From mboxrd@z Thu Jan  1 00:00:00 1970
From: Thomas Monjalon <thomas.monjalon-pdR9zngts4EAvxtiuMwx3w@public.gmane.org>
Subject: Re: [PATCH v4 00/10] VM Power Management
Date: Tue, 14 Oct 2014 17:03:41 +0200
Message-ID: <3349663.LNtcecTXb3@xps13>
References: <1412003903-9061-1-git-send-email-alan.carew@intel.com>
 <3264386.kAdiTFhMft@xps13>
 <0E29434AEE0C3A4180987AB476A6F6306D28093B@IRSMSX109.ger.corp.intel.com>
Mime-Version: 1.0
Content-Type: text/plain; charset="us-ascii"
Content-Transfer-Encoding: 7Bit
Cc: dev-VfR2kkLFssw@public.gmane.org
To: "Carew, Alan" <alan.carew-ral2JQCrhuEAvxtiuMwx3w@public.gmane.org>
Return-path: <dev-bounces-VfR2kkLFssw@public.gmane.org>
In-Reply-To: <0E29434AEE0C3A4180987AB476A6F6306D28093B-kPTMFJFq+rHjxeytcECX8bfspsVTdybXVpNB7YpNyf8@public.gmane.org>
List-Id: patches and discussions about DPDK <dev.dpdk.org>
List-Unsubscribe: <http://dpdk.org/ml/options/dev>,
 <mailto:dev-request-VfR2kkLFssw@public.gmane.org?subject=unsubscribe>
List-Archive: <http://dpdk.org/ml/archives/dev/>
List-Post: <mailto:dev-VfR2kkLFssw@public.gmane.org>
List-Help: <mailto:dev-request-VfR2kkLFssw@public.gmane.org?subject=help>
List-Subscribe: <http://dpdk.org/ml/listinfo/dev>,
 <mailto:dev-request-VfR2kkLFssw@public.gmane.org?subject=subscribe>
Errors-To: dev-bounces-VfR2kkLFssw@public.gmane.org
Sender: "dev" <dev-bounces-VfR2kkLFssw@public.gmane.org>

2014-10-14 12:37, Carew, Alan:
> > > The following patches add two DPDK sample applications and an alternate
> > > implementation of librte_power for use in virtualized environments.
> > > The idea is to provide librte_power functionality from within a VM to address
> > > the lack of MSRs to facilitate frequency changes from within a VM.
> > > It is ideally suited for Haswell which provides per core frequency scaling.
> > >
> > > The current librte_power affects frequency changes via the acpi-cpufreq
> > > 'userspace' power governor, accessed via sysfs.
> > 
> > Something was preventing me from looking deeper in this big codebase,
> > but I didn't know what sounds weird.
> > Now I realize: the real problem is that virtualization transparency is
> > broken for power management. So the right thing to do is to fix it in
> > KVM. I think all this patchset is a huge workaround.
> > 
> > Did you try to fix it with Qemu/KVM?
> 
> When looking at the libvirt API it would seem to be a natural fit to have
> power management sitting there, so in essence I would agree.
> 
> However with a DPDK solution it would be possible to re-use the message bus
> to pass information like device stats, application state, D-state requests
> etc. to the host and allow for management layer(e.g. OpenStack) to make
> informed decisions.

I think that management informations should be transmitted in a management
channel. Such solution should exist in OpenStack.

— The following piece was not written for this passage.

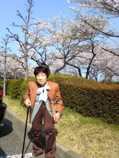 【○が丘のシンボルと桜】6時半に家を出たら、思いの他サクッと着いてしまった。いつもより、かなりすいています。30分ほど、おじいさんに挟まれて…3人でひとつのソファに並び、待ちました。その後ぼちぼち患者さんが集まり。整形は1番。今年は桜並木満開に間に合いました。母が楽しみにしていたのでよかった。今日は久しぶりに、ダ-リンの車で後乗りして貰えます。普通の恰好で来てくれますように……**********************・・・ってことで、無事今日も。処方箋を出すところまで、終わりました。カツラ、慣れてきちゃったかも。まぁ、元々を知らなければそんなにビックリしない程度に・・母もうまく被れるようになった気がします。【こんなイデタチ】【後姿・・歩くの早っ】【モミアゲがポイントらしい。】いつ買ったのか、髭男爵風ブラウスを・・腰椎圧迫骨折の進行か、坐骨神経痛か謎ですが・・ここ数週間、足の裏の痺れがヒドイという。座ったり横になるより、立っているか歩いているほうが楽だそうな。・・そして、なんというか・・喋りが止まらずやや怒りっぽく(←本人は激しくw否定)、落ち着きなし。結果、精神科のほうで薬が1種類増えました。ここ最近は8週に一度の受診で済んでいたけれど、新しい処方が増えたので、5週後に臨時で受診することになった。私の仕事次第では、ヘルパーさんを自費でお願いする予定。それにしても、病院での会計がたった「70円」。たっくさんの薬が、全部で「1400円」。ありがたいというか羨ましいというか。**********************************お口直しに今日の桜たち。【病院前のアーチ】【近くでも、遠くでも】・・・そろそろ、はらりはらりと散り始めています。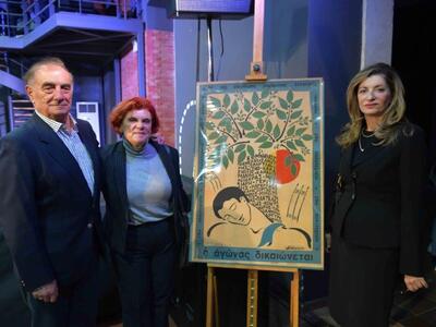 Στο χώρο των Παλαιών Σφαγείων εκτίθετο και εικαστικό έργο το οποίο πέρυσι δωρίσθηκε από τον Δημοσθένη Σαμούρη, αδελφό του πατρινού φοιτητή Γιώργου Σαμούρη που δολοφονήθηκε στην Αθήνα από τη Χούντα κατά την εξέγερση του Πολυτεχνείου. Το έργο συγκαταλέγεται μεταξύ αυτών που αποτελούν τη μόνιμη συλλογή της Δημοτικής Πινακοθήκης.

> Also, the scope of adding power management to qemu/KVM would be huge;
> while the easier path is not always the best and the problem of power
> management in VMs is both a DPDK problem (given that librte_power only
> worked on the host) and a general virtualization problem that would be
> better solved by those with direct knowledge of Qemu/KVM architecture
> and influence on the direction of the Qemu project.

Being a huge effort is not an argument.
Please check with Qemu community, they'll welcome it.
 
> As it stands, the host backend is simply an example application that can
> be replaced by a VMM or Orchestration layer, by using Virtio-Serial it has
> obvious leanings to Qemu, but even this could be easily swapped out for
> XenBus, IVSHMEM, IP etc.
> 
> If power management is to be eventually supported by Hypervisors directly
> then we could also enable to option to switch to that environment, currently
> the librte_power implementations (VM or Host) can be selected dynamically
> (environment auto-detection) or explicitly via rte_power_set_env(), adding
> an arbitrary number of environments is relatively easy.

Yes, you are adding a new layer to workaround hypervisor lacks. And this layer
will handle native support when it will exist. But if you implement native
support now, we don't need this extra layer.

> I hope this helps to clarify the approach.

Thanks for your explanation.

-- 
Thomas